[WHAT THIS TASK INVOLVES]
Every line in the data below from the one containing "Slechts een kleins" down to the one containing "GIUSEPPE II D'ASBURGO-LORENA, monetazione", both included, must be retyped exactly; no other line is to appear.

[RECORDS TO USE]
● ● ● ● ●
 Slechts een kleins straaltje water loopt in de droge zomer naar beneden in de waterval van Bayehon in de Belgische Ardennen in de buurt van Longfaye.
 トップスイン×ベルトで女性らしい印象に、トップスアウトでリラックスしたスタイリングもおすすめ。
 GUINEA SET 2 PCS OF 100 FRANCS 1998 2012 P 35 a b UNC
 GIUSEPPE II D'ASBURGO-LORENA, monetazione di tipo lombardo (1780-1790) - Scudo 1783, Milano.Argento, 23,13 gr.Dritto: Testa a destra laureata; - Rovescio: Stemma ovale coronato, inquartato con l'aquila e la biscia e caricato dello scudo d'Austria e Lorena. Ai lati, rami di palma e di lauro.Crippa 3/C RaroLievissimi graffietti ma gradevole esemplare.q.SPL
● ● ● ● ●
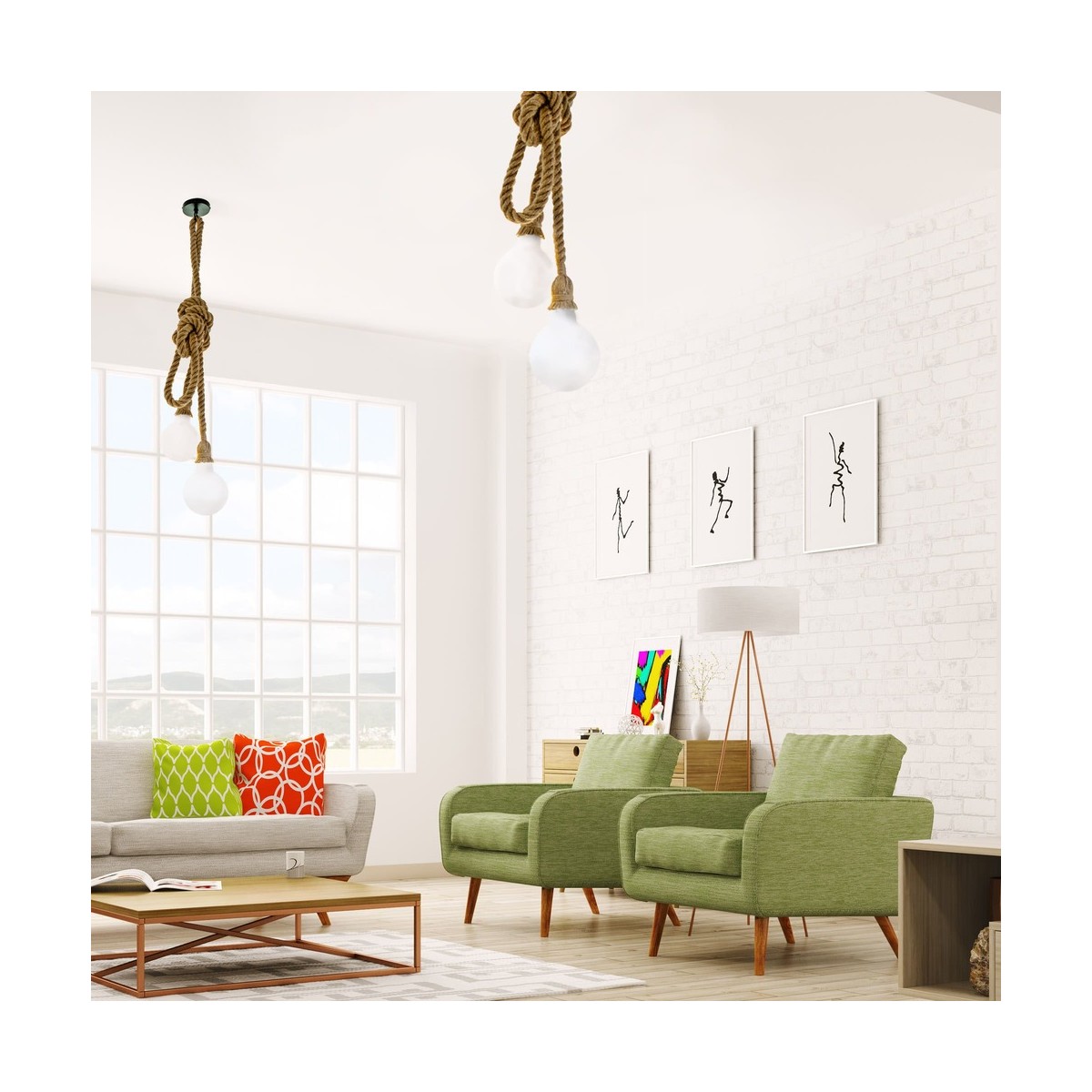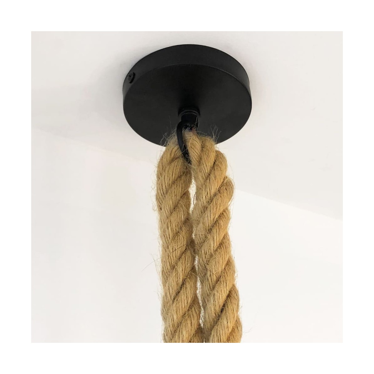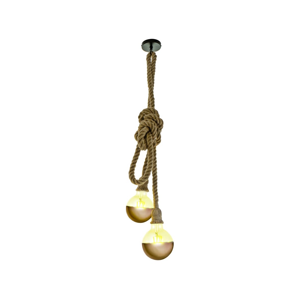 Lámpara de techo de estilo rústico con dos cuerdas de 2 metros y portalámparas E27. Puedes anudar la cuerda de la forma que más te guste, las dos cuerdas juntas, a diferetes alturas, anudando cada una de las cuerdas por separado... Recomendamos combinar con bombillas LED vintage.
● ● ● ● ●
[WRITTEN REPLY]
 Slechts een kleins straaltje water loopt in de droge zomer naar beneden in de waterval van Bayehon in de Belgische Ardennen in de buurt van Longfaye.
 トップスイン×ベルトで女性らしい印象に、トップスアウトでリラックスしたスタイリングもおすすめ。
 GUINEA SET 2 PCS OF 100 FRANCS 1998 2012 P 35 a b UNC
 GIUSEPPE II D'ASBURGO-LORENA, monetazione di tipo lombardo (1780-1790) - Scudo 1783, Milano.Argento, 23,13 gr.Dritto: Testa a destra laureata; - Rovescio: Stemma ovale coronato, inquartato con l'aquila e la biscia e caricato dello scudo d'Austria e Lorena. Ai lati, rami di palma e di lauro.Crippa 3/C RaroLievissimi graffietti ma gradevole esemplare.q.SPL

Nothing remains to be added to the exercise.